I make the standard approach: $E[A_{t+1}|F_t]=E[(\frac{q}{p})^{S_t}(\frac{q}{p})^{X_{t+1}}| F_t]=(\frac{q}{p})^{S_t}E[(\frac{q}{p})^{X_{t+1}}| F_t]$ Why should tthe last term be 1?

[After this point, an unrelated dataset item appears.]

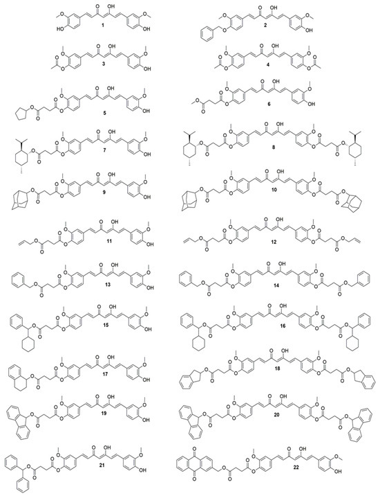 The chemical structures of curcumin and the curcumin derivatives 2–22 are shown in Figure 2. These derivatives were previously synthesized by our group [30,40]. Compounds 2–4 were synthesized by etherification and esterification of curcumin. Compounds 5–22 were synthesized by forming a succinate (linker) and then esterifying curcumin. Some compounds (4–5, 11–14) were repurified before their biological activities were evaluated (Supplementary Data). All the compounds (1–22) were prepared to evaluate their biological activities.

$E[N_{t+1}|F_t]=S_t-E[E[S_{t+1}]|F_t]$. Using tower property does not lead us to $E[E[S_{t+1}]|F_t]=E[S_t]$
(2) Why is the martingale $S^\tau$ not converging in $L^1$ where $\tau=\inf_\{t\in\mathbb Z^+: S_t=0\}$ is a stopping time? In this case we assume that that $S_0=1$
I have no idea here.
(1) By independence, \begin{equation*} E\Bigg[\bigg(\frac{q}{p}\biggr)^{X_{t+1}}\Bigg|\mathscr{F}_t\Biggr]=E\Bigg[\bigg(\frac{q}{p}\biggr)^{X_{t+1}}\Biggr]=\bigg(\frac{q}{p}\biggr)p+\bigg(\frac{q}{p}\biggr)^{-1}q=p+q=1. \end{equation*} Also, $E[E[S_{t+1}]|\mathscr{F}_t]=E[S_{t+1}]$ simply because $E[S_{t+1}]$ is a constant. Now \begin{align*} E[N_{t+1}|\mathscr{F}_t]&=E[S_{t+1}|\mathscr{F}_t]-E[E[S_{t+1}]|\mathscr{F}_t]\\ &= E[S_t+X_{t+1}|\mathscr{F}_t]-E[S_{t+1}]\\ &=E[S_t|\mathscr{F}_t]+E[X_{t+1}|\mathscr{F}_t]-E[S_{t+1}]\\ &=S_t+E[X_{t+1}]-E[S_t]-E[X_{t+1}]\\ &=N_t, \end{align*} the fourth equality because $S_t$ is $\mathscr{F}_t$-measurable, and so $E[S_t|\mathscr{F}_t]=S_t$, and because $X_{t+1}$ is independent of $\mathscr{F}_t$, and so $E[X_{t+1}|\mathscr{F}_t]=E[X_{t+1}]$.
As to the second question, I do not understand what you mean. If $\tau$ is a stopping time, $S_{\tau}$ is merely a random variable not a sequence, so what should converge in $L^1$?